Additional Information Regarding the Notes

1. The language set out under the heading "Use of Proceeds" in the Prospectus shall be deleted in its entirety and replaced by the following:

"The net proceeds from the sale of the Notes will be included in the ordinary capital resources of the Bank and, will not be committed or earmarked for lending to, or financing of, any specific loans, projects or programs. The Bank, in partnership with its member countries, works to reduce poverty and inequalities in Latin America and the Caribbean by promoting economic and social development in a sustainable, climate friendly way.

The Bank's strategic priorities include social inclusion and equality, productivity and innovation and economic integration along with three cross-cutting issues: gender equality and diversity, climate change and environmental sustainability, and institutional capacity and the rule of law. Each strategic priority of the Bank aligns to at least one of the United Nations Sustainable Development Goals ("SDGs"), with all goals covered within the Bank's institutional strategy, which may be adapted from time to time should the United Nations SDGs definition evolve.

All projects undertaken by the Bank go through the Bank's rigorous sustainability framework. The framework tracks measurable results, adherence to lending targets and the effectiveness of its environmental and social safeguards. The Bank's administrative and operating expenses are currently covered entirely by the Bank's various sources of revenue, consisting primarily of net interest margin and investment income (as more fully described in the Bank's Information Statement)."

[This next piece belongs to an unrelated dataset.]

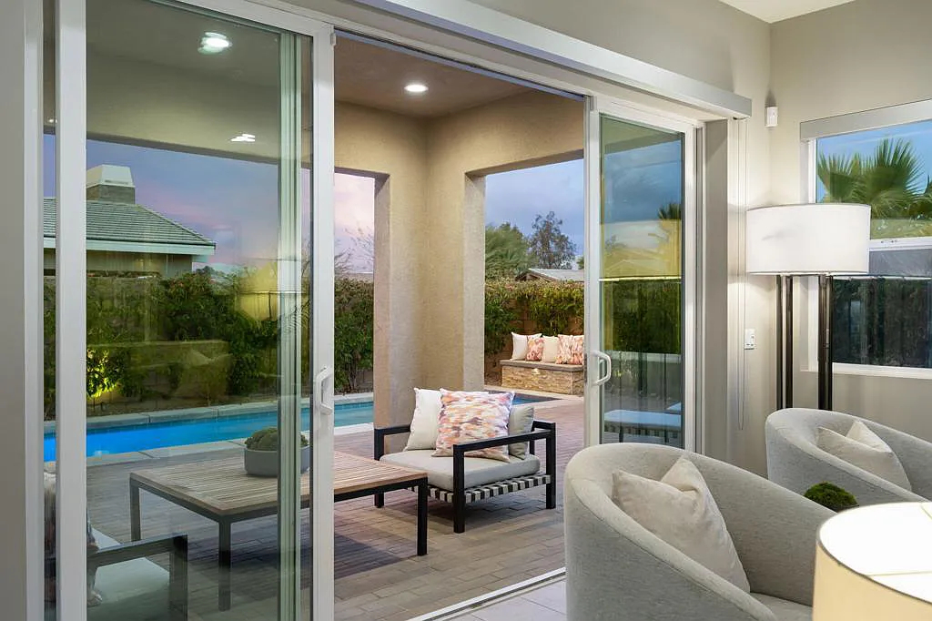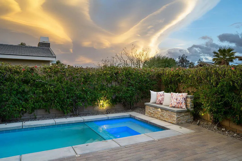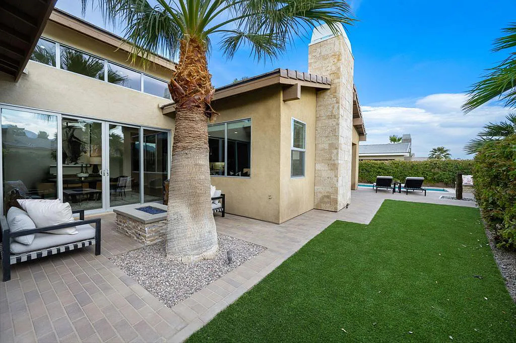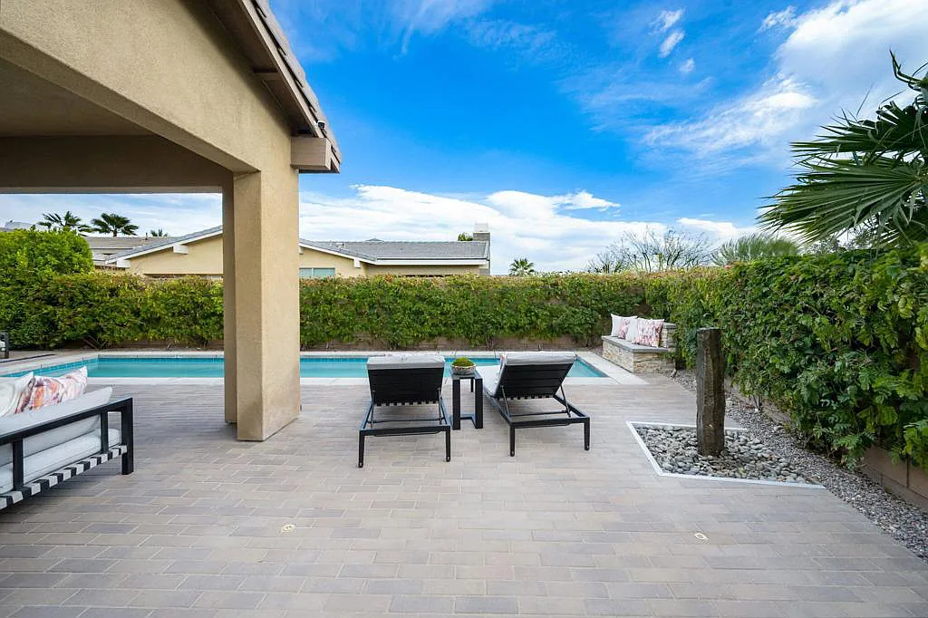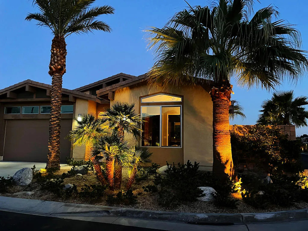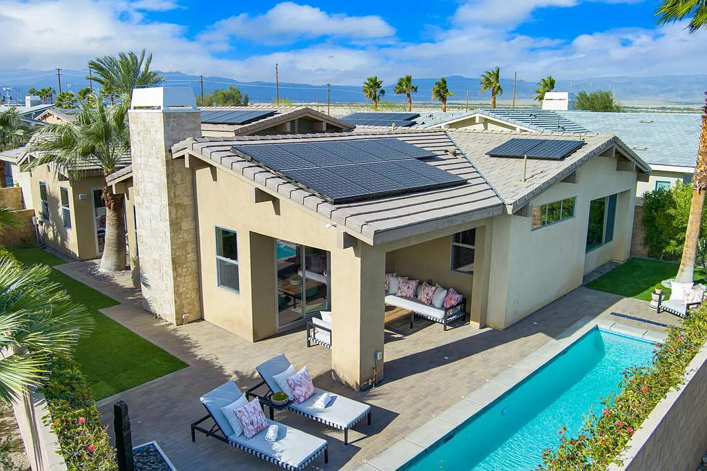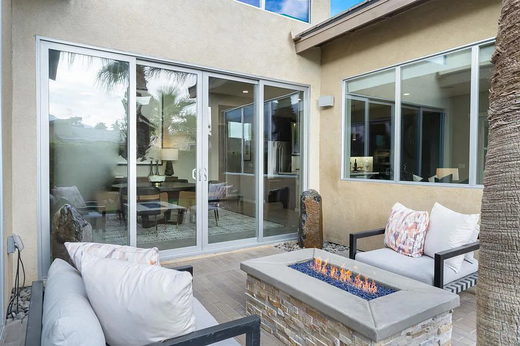 This highly upgraded mid-century inspired 2018 home is situated on a corner lot with a south facing backyard and has commanding southern and western mountain views! This rare 4 bedroom, 4 bathroom home shows like a model and feels brand new! With postcard perfect mountain views as the backdrop, this light-filled, gorgeous home has a private and secluded resort backyard with multiple outdoor entertaining areas, a covered patio, a pool and spa, multiple stone column fountains, two gas fire pits, landscape lighting, and built-ins. Both the living room and dining room have direct access to outdoor patio areas, which makes it the quintessential entertainer’s home with indoor/outdoor flow! The epicurean kitchen has a large center island, stainless steel appliances and an abundance of storage space. The primary suite is separated from the other suites for privacy and includes an expansive walk-in closet and beautiful spa bathroom with dual vanities, an oversized shower with a tiled bench and two shower heads. Some of the upgrades include a 20-panel solar system, a water softener system, solid hardwood doors and floors in bedrooms, custom day and night shades, heated/cooled garage with epoxy floors, 360 degree external camera system, security system, and so much more! This home is located in Escena, which was rated as one of the best public golf courses in California.

   2.         United States Federal Income Tax Matters 

The following supplements the discussion under the "Tax Matters" section of the Prospectus regarding the U.S. federal income tax treatment of the Notes, and is subject to the limitations and exceptions set forth therein. Any tax disclosure in the Prospectus or this pricing supplement is of a general nature only, is not exhaustive of all possible tax considerations and is not intended to be, and should not be construed to be, legal, business or tax advice to any particular prospective investor. Each prospective investor should consult its own tax advisor as to the particular tax consequences to it of the acquisition, ownership, and disposition of the Notes, including the effects of applicable U.S. federal, state, and local tax laws and non-U.S. tax laws and possible changes in tax laws.

A United States holder will generally be taxed on interest on the Notes as ordinary income at the time such holder receives the interest or when it accrues, depending on the holder's method of accounting for tax purposes.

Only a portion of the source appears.